Springfield, Illinois Metropolis Council approves the Parental Depart Ordinance

Springfield, Illinois City Council approves the Parental Leave Ordinance

The Council will hold a special session on March 30th on the Legacy Pointe Sports Complex

After a lengthy and lively discussion and some peace of mind from its sponsor, Springfield City Council passed a landmark Maternity / Paternity / Adoption Leave Ordinance for city workers on Tuesday 6-4.

It gives all union and non-union workers four weeks of paid vacation after the birth or adoption of a child.

Meanwhile, an ordinance authorizing the implementation of a development agreement between the city and Legacy Park Sports, LLC for a sports complex behind Scheels on MacArthur Boulevard near Interstate 72 has been removed from the debate by Ward 6 Ald. Kristin DiCenso.

Since the agreement with the developer had not yet been finalized, DiCenso requested a special city council meeting, which will now take place on March 30th.

Ward 8 Ald. Erin Conley, who proposed the maternity / paternity ordinance, said vacation time was “a benefit to the people of Springfield,” and city workers shouldn’t have to choose between sick leave and family time.

“We invest in our people,” said Conley.

Before the vote, Conley shared a personal story about how she faced major surgery years ago as a single mother with three children.

Conley said she did not have enough sick time that the state of Illinois gave her time for her.

“It took me a year to earn that time back,” said Conley. “I was a single parent and had no family in this town. I had to rely on my friends. I had to scrape my way to get my children to where they needed to be and what they needed.”

See also: Springfield Committee Green Light Legacy Park Plan, Paternity / Maternity Leave

Paid vacation, Conley said, was one way for the city to let employees know, “We value them, and we want them to do their best at work and lead a home life. Everyone deserves it.”

Ward 1 Ald.

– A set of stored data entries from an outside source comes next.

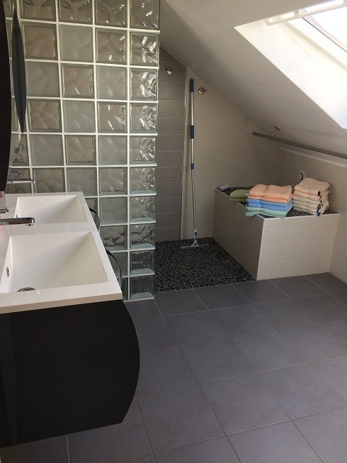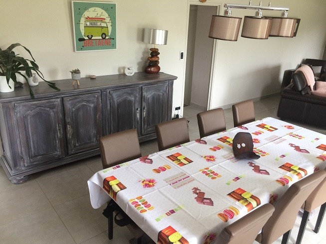 Beautiful Breton stone house with 4 bedrooms, 2 bathrooms, fully equipped kitchen, living room, living room with a total area of 160 sqm. Enclosed garden of about 250 m² with swing and slide and large terrace with awning and garden furniture, barbecue available. Renovated house in 2012 located in a quiet area, close to downtown and shops and beautiful white sand beaches.
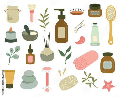 Spa relaxation and self care items set. Vector cartoon illustration of aromatherapy candle, oil, towel, tea, bath salt and sponge. Cozy wellness and body care concept.
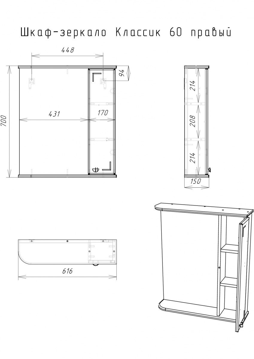Зеркало-шкаф Классик 60 правый Айсберг поставляется в собранном виде, что значительно упрощает процесс установки и экономит ваше время.
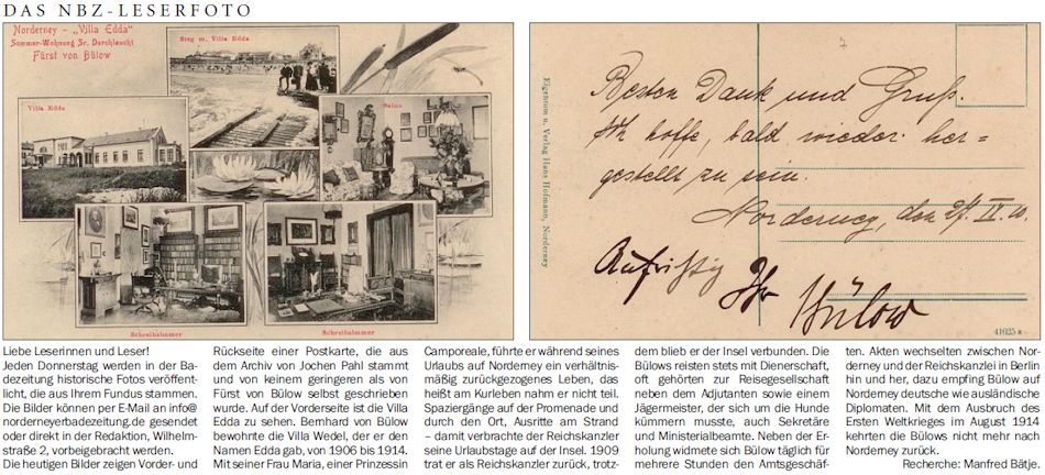 Die heutigen Bilder zeigen Vorder- und Rückseite einer Postkarte, die aus dem Archiv von Jochen Pahl stammt und von keinem geringeren als von Fürst von Bülow selbst geschrieben wurde. Auf der Vorderseite ist die Villa Edda zu sehen. Bernhard von Bülow bewohnte die Villa Wedel, der er den Namen Edda gab, von 1906 bis 1914. Mit seiner Frau Maria, einer Prinzessin Camporeale, führte er während seines Urlaubs auf Norderney ein verhältnismäßig zurückgezogenes Leben, das heißt am Kurleben nahm er nicht teil. Spaziergänge auf der Promenade und durch den Ort, Ausritte am Strand

Chuck Redpath claimed that the ordinance “is not right for the City of Springfield” and that the unions representing the city workers should sit around the negotiating table with the city on the issue.

Ward 10 Ald. Ralph Hanauer agreed with Redpath on this question and reiterated his view from last week’s committee over the entire discussion that the vacation would be a drain on the city’s coffers.

“It’s a tough vote for everyone sitting here,” said Ward 1 Ald. Chuck Redpath on Maternity / Paternity Leave Regulations before Springfield City Council. It comes from a very personal story by Ward 8 Ald. Erin Conley. # SJRBreaking

– Steven Spearie (@StevenSpearie) March 17, 2021

Conley countered that vacation was not a union issue but “an employment issue that should apply to all of our employees.”

Newly seated district 3 Ald. Roy Williams Jr. said he was “shocked” that the city does not yet have some form of parental leave.

“I think we’re behind the ball,” said Williams.

Like Redpath, McMenamin encouraged Mayor Jim Langfelder to veto the ordinance. McMenamin said he would have liked to see the ordinance returned to the whole committee in hopes of working out a compromise.

Redpath, McMenamin, Hanauer, and Ward 4 Ald. John Fulgenzi voted against the regulation.

Afterward, Conley said that voting for regulation meant a lot to her, but that it was also about moving Springfield forward and making it worth living in.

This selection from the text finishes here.